The diagnostic performance of the intratumoral model, peritumoral model, and combined intratumoral-peritumoral model was evaluated by comparing their area under the curve (AUC) values, accuracy, sensitivity, and specificity. The best-performing model was then compared with the diagnostic results of ultrasound physicians.
Statistical analysis
Statistical analyses were performed using Python and SPSS 26.0, with pathological results serving as the gold standard. Continuous variables were tested for normal distribution and homogeneity of variance. Normally distributed data were analyzed using independent two-sample t-tests, while non-normally distributed continuous variables were assessed using the Mann-Whitney U test. Categorical variables were analyzed using the χ2 test. Differences in AUC between different models were compared using the DeLong test.
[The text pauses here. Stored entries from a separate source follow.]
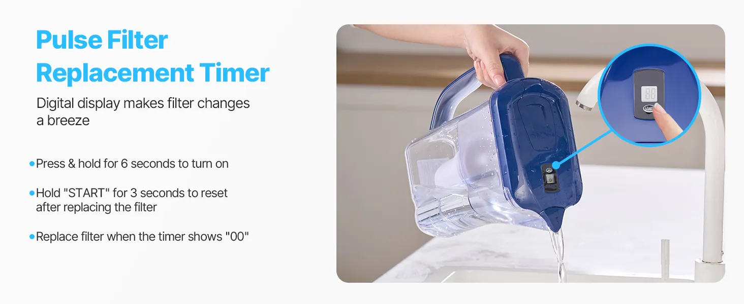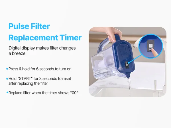 Filter Replacement Reminder: Our water filter pitcher for fridge is equipped with a built-in timer, ensuring you never forget to change your filter on time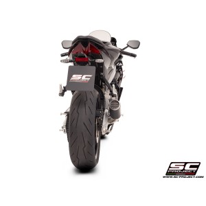 El cuerpo del silenciador de carbono de alta calidad está enriquecido con una preciosa placa de aluminio con el logotipo SC-Project, la misma que se utiliza en los escapes de nuestro Departamento de Carreras.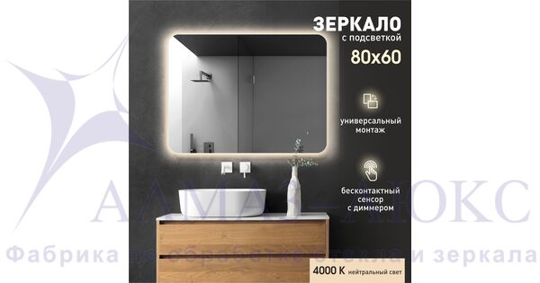 Зеркало с подсветкой, с датчиком движения Hanoi 6080d-4 (60х80см) - нейтральный

Selected clinical variables were evaluated using SPSS 26.0. Python 3.10 was utilized for calculating intraclass correlation coefficients (ICC), conducting Spearman rank correlation tests, performing Z-score normalization, and executing LASSO regression analyses. All statistical tests were two-sided, with P<0.05 considered statistically significant.
Results
Clinical characteristics analysis
A total of 555 female patients with breast nodules were included in this study, with postoperative pathological results indicating 275 cases as benign lesions and 280 cases as malignant lesions. The age range of the patients was 18 to 88 years, with a mean age of 48.11±14.83 years. The training group consisted of 291 patients (mean age 48.35±15.03 years), and the validation group comprised 264 patients (mean age 47.84±14.63 years). There were no significant differences between the two groups in terms of age (P=0.57), nodule location (P=0.86), and nodule diameter (P=0.38) (Table 1).
Table 1
Feature name | All | Training | Validation | P value |
---|---|---|---|---|
Size (mm) | 19.17±10.20 | 18.88±10.48 | 19.50±9.89 | 0.38 |
Age (years) | 48.11±14.83 | 48.35±15.03 | 47.84±14.63 | 0.57 |
Calcification | 0.60 | |||
No | 400 (72.07) | 213 (73.20) | 187 (70.83) | |
Yes | 155 (27.93) | 78 (26.80) | 77 (29.17) | |
CDFI | 0.18 | |||
No | 339 (61.08) | 186 (63.92) | 153 (57.95) | |
Yes | 216 (38.92) | 105 (36.08) | 111 (42.05) | |
BI-RADS | 0.53 | |||
RADS 3–4A | 387 (69.73) | 199 (68.38) | 188 (71.21) | |
RADS 4B–4C | 168 (30.27) | 92 (31.62) | 76 (28.79) | |
Side | 0.86 | |||
Left | 285 (51.35) | 151 (51.89) | 134 (50.76) | |
Right | 270 (48.65) | 140 (48.11) | 130 (49.24) |
Data are presented as number (percentage), mean ± standard deviation. BI-RADS, Breast Imaging Reporting and Data System; CDFI, color Doppler flow imaging.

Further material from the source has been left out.